The next day, still overcome by emotion and “just having a moment,” as he would say later, Griffin jumped on his Twitter account and tweeted pointed questions to some of his Redskins teammates, with the hashtag #KnowYourWhy. “Why do you play the game? Why do you sacrifice?”

“I was kind of just feeling like, this part of my journey is over. It really hit me hard,” he told the Web site Rant Sports. “. . . I know my why. I sacrifice for my teammates. I want to make my family proud. So I know my why. I just want them to know theirs.”

From Waco, Griffin’s belongings traveled on a moving van up I-35 toward Dallas, and eventually made their way east along I-30, I-40 and I-81 towardNorthern Virginia, where they were unloaded into a rental home in a gated community not far from Redskins Park.

Griffin and Liddicoat found the house on their own — they plan being to rent this year, and buy in 2013 — with some direction from the Redskins. Griffin’s mother, who had helped her son move into his Waco apartment four years earlier, made a point of staying out of it this time, in deference to Liddicoat. “That’s a good thing for them to experience together,” she said. “It’s gearing towards their future.”

Theirs was a highly typical house-hunting experience for new transplants to the Washington area, characterized first and foremost by sticker shock.

“Robert’s a very frugal kid,” his father said. “He was shocked [by the prices]. He called me — they were looking at a place, following the [Redskins’ suggestions]. And that harsh reality — everyone who knows him knows he’s not going to be some guy spending wildly. But he had to make a choice, and he felt it was important to be close to the [Redskins] facility, so he did it.

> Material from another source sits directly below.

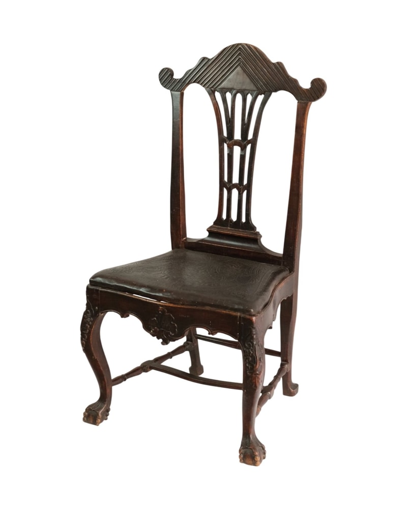 Silla de respaldo abierto del siglo XVIII, originaria de Inglaterra. Fabricada en madera tallada, posiblemente caoba, presenta un diseño elegante con respaldo y patas cabriolé. El estado muestra desgaste visible en la superficie, especialmente en el asiento, con algunas reparaciones menores y pérdida de acabado. La calidad de la talla es buena, pero el desgaste y las reparaciones afectan su integridad. Requiere conservación para mantener su estado.

“I want him to live at middle class. Now, the rent he’s gonna pay is not middle class, but his expenditures away from the rent will be. And that’s important to me. If I see something I don’t like, he’s gonna get it from me.”

Before the Waco apartment was packed up, before the final move east, before the start of training camp, Griffin’s parents visited him at Baylor one last time.

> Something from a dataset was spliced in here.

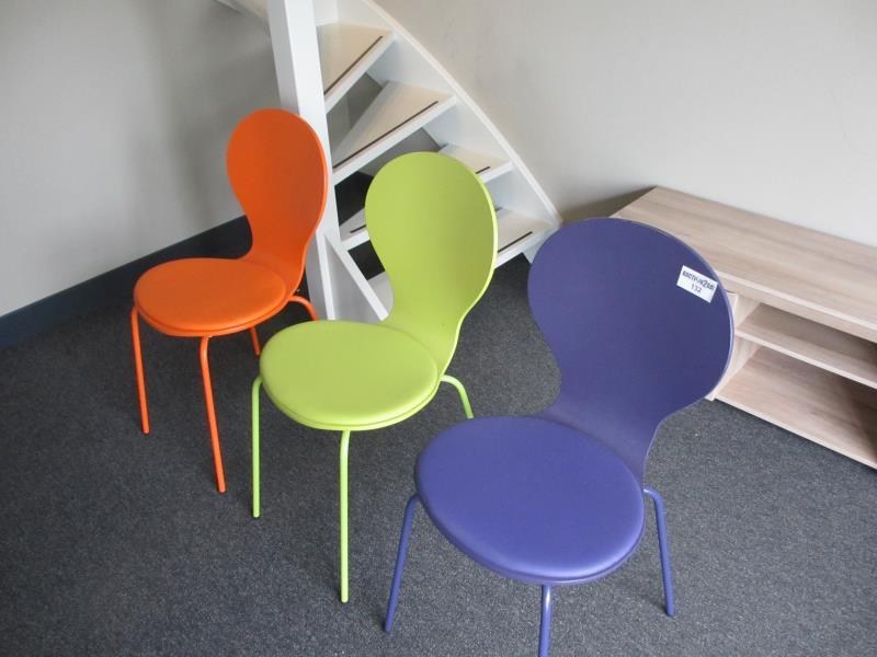 3 eetkamerstoelen, oranje, groen paars

Griffin and his dad worked out together and threw the football around. And Griffin and his mom set aside some time for their own ritual, the one they had followed together since Robert was a boy. He sat in a chair, and she stood behind him and braided his hair, painstakingly twisting each lock just so, giving her son his trademark look.

Usually, this was their time to talk — “Mommy time,” she sometimes called it. But this time, Jacqueline Griffin worked in near-silence, and Robert Griffin III kept his eyes — and his focus — on something else the entire time: the Washington Redskins playbook that stayed open on his lap, thick with schemes and possibilities.